One important note: a couple weeks back, Chris Teeter at Beyond the Box Score took a crack at the same question, though using a slightly different method. Unsurprisingly, he found the same thing. If I’d seen the article before I’d had this mostly typed up, I might not have gone through with it, but as it stands, it’s always nice to find corroboration for a result.
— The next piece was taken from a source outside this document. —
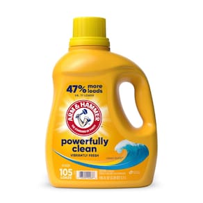 - Um frasco de 3,105 ml de detergente líquido para roupas ARM & HAMMER Clean Burst limpa 105 cargas médias quando utilizado conforme as instruções
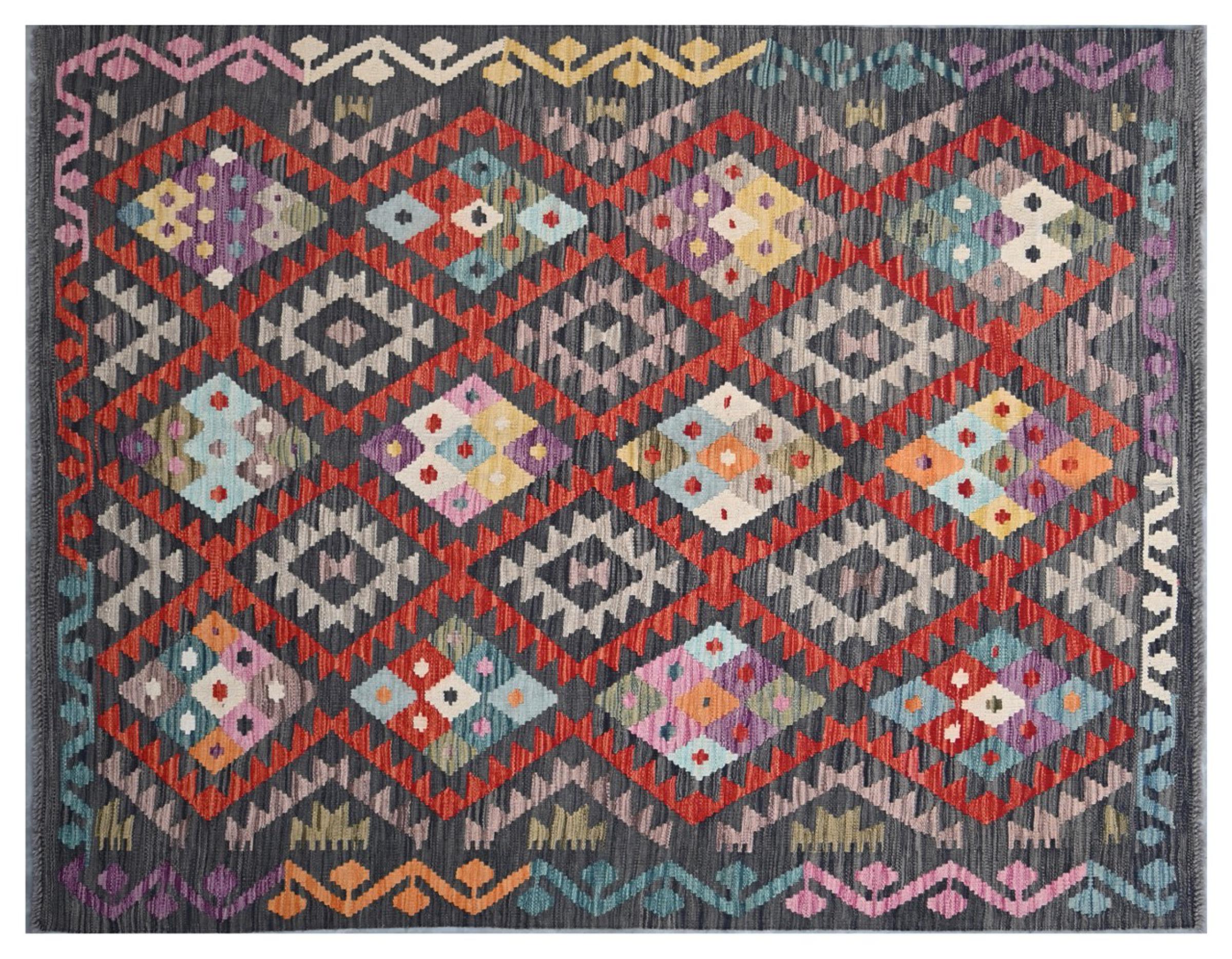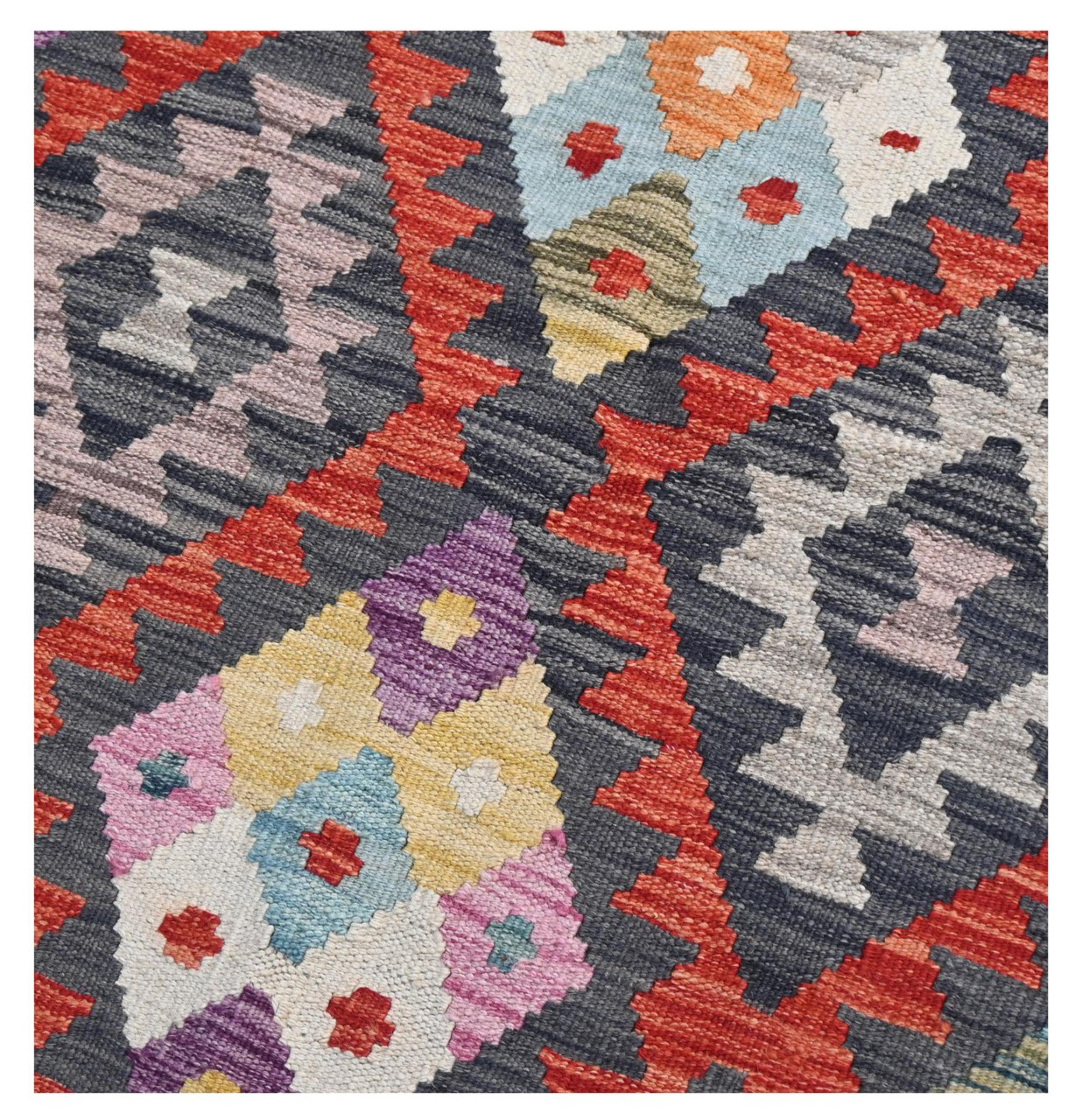This handwoven Kilim Afghan is a wonderful and unique piece of art. Hard to believe that these modern colours and patterns have already been used centuries ago. This carpet has been woven by hand in old tradition in Afghanistan. It delivers a portion of contemporary history, which you won't find in this specific design a second time. It consists of high-grade natural wool and gives your home a personalised touch.

Name | FB% | SL% | CT% | CB% | CH% | SF% | KN% | HHI | |
---|---|---|---|---|---|---|---|---|---|
1 | Sean Marshall | 25.6 | 18.3 | 17.7 | 38.0 | 0.5 | 0.0 | 0.0 | 2748 |
2 | Brandon Lyon | 43.8 | 18.3 | 14.8 | 18.7 | 4.4 | 0.0 | 0.0 | 2841 |
3 | D.J. Carrasco | 32.5 | 11.2 | 39.6 | 14.8 | 2.0 | 0.0 | 0.0 | 2973 |
4 | Alfredo Aceves | 46.5 | 0.0 | 17.9 | 19.8 | 13.5 | 2.3 | 0.0 | 3062 |
5 | Logan Ondrusek | 41.5 | 2.0 | 30.7 | 20.0 | 0.0 | 5.8 | 0.0 | 3102 |
Name | FB% | SL% | CT% | CB% | CH% | SF% | KN% | HHI | |
---|---|---|---|---|---|---|---|---|---|
1 | Kenley Jansen | 91.4 | 7.8 | 0.0 | 0.2 | 0.6 | 0.0 | 0.0 | 8415 |
2 | Mariano Rivera | 11.1 | 0.0 | 88.9 | 0.0 | 0.0 | 0.0 | 0.0 | 8026 |
3 | Ronald Belisario | 85.4 | 12.7 | 0.0 | 0.0 | 0.0 | 1.9 | 0.0 | 7458 |
4 | Matt Thornton | 84.1 | 12.5 | 3.3 | 0.0 | 0.1 | 0.0 | 0.0 | 7240 |
5 | Ernesto Frieri | 82.9 | 5.6 | 0.0 | 10.4 | 1.1 | 0.0 | 0.0 | 7013 |
Name | FB% | SL% | CT% | CB% | CH% | SF% | KN% | HHI | |
---|---|---|---|---|---|---|---|---|---|
1 | Shaun Marcum | 36.6 | 9.3 | 17.6 | 12.4 | 24.1 | 0.0 | 0.0 | 2470 |
2 | Freddy Garcia | 35.4 | 26.6 | 0.0 | 7.9 | 13.0 | 17.1 | 0.0 | 2485 |
3 | Bronson Arroyo | 42.6 | 20.6 | 5.1 | 14.2 | 17.6 | 0.0 | 0.0 | 2777 |
4 | Yu Darvish | 42.6 | 23.3 | 16.5 | 11.2 | 1.2 | 5.1 | 0.0 | 2783 |
5 | Mike Leake | 43.5 | 11.8 | 23.4 | 9.9 | 11.6 | 0.0 | 0.0 | 2812 |
Name | FB% | SL% | CT% | CB% | CH% | SF% | KN% | HHI | |
---|---|---|---|---|---|---|---|---|---|
1 | Bartolo Colon | 86.2 | 9.1 | 0.2 | 0.0 | 4.6 | 0.0 | 0.0 | 7534 |
2 | Tim Wakefield | 10.5 | 0.0 | 0.0 | 3.7 | 0.0 | 0.0 | 85.8 | 7486 |
3 | R.A. Dickey | 16.8 | 0.0 | 0.0 | 0.2 | 1.5 | 0.0 | 81.5 | 6927 |
4 | Justin Masterson | 78.4 | 20.3 | 0.0 | 0.0 | 1.3 | 0.0 | 0.0 | 6560 |
5 | Aaron Cook | 79.7 | 9.7 | 2.8 | 7.6 | 0.4 | 0.0 | 0.0 | 6512 |
Boring methodological footnote: There’s one primary conceptual problem with using HHI, and that’s that in certain situations it gives a counterintuitive result for this application. For instance, under our line of reasoning we would think that, ceteris paribus, a pitcher who throws a fastball 90% of a time and a change 10% of the time would have an easier decision to make than one who throws a fastball 90% of the time and a change and slider 5% each. However, the HHI is higher for the latter pitcher—which makes sense in the context of market concentration, but not in this scenario. (The same issue holds for the Gini coefficient, for that matter.) There’s a very high correlation between HHI and the frequency of a pitcher’s most common pitch, though, and using the latter doesn’t change any of the conclusions of the post.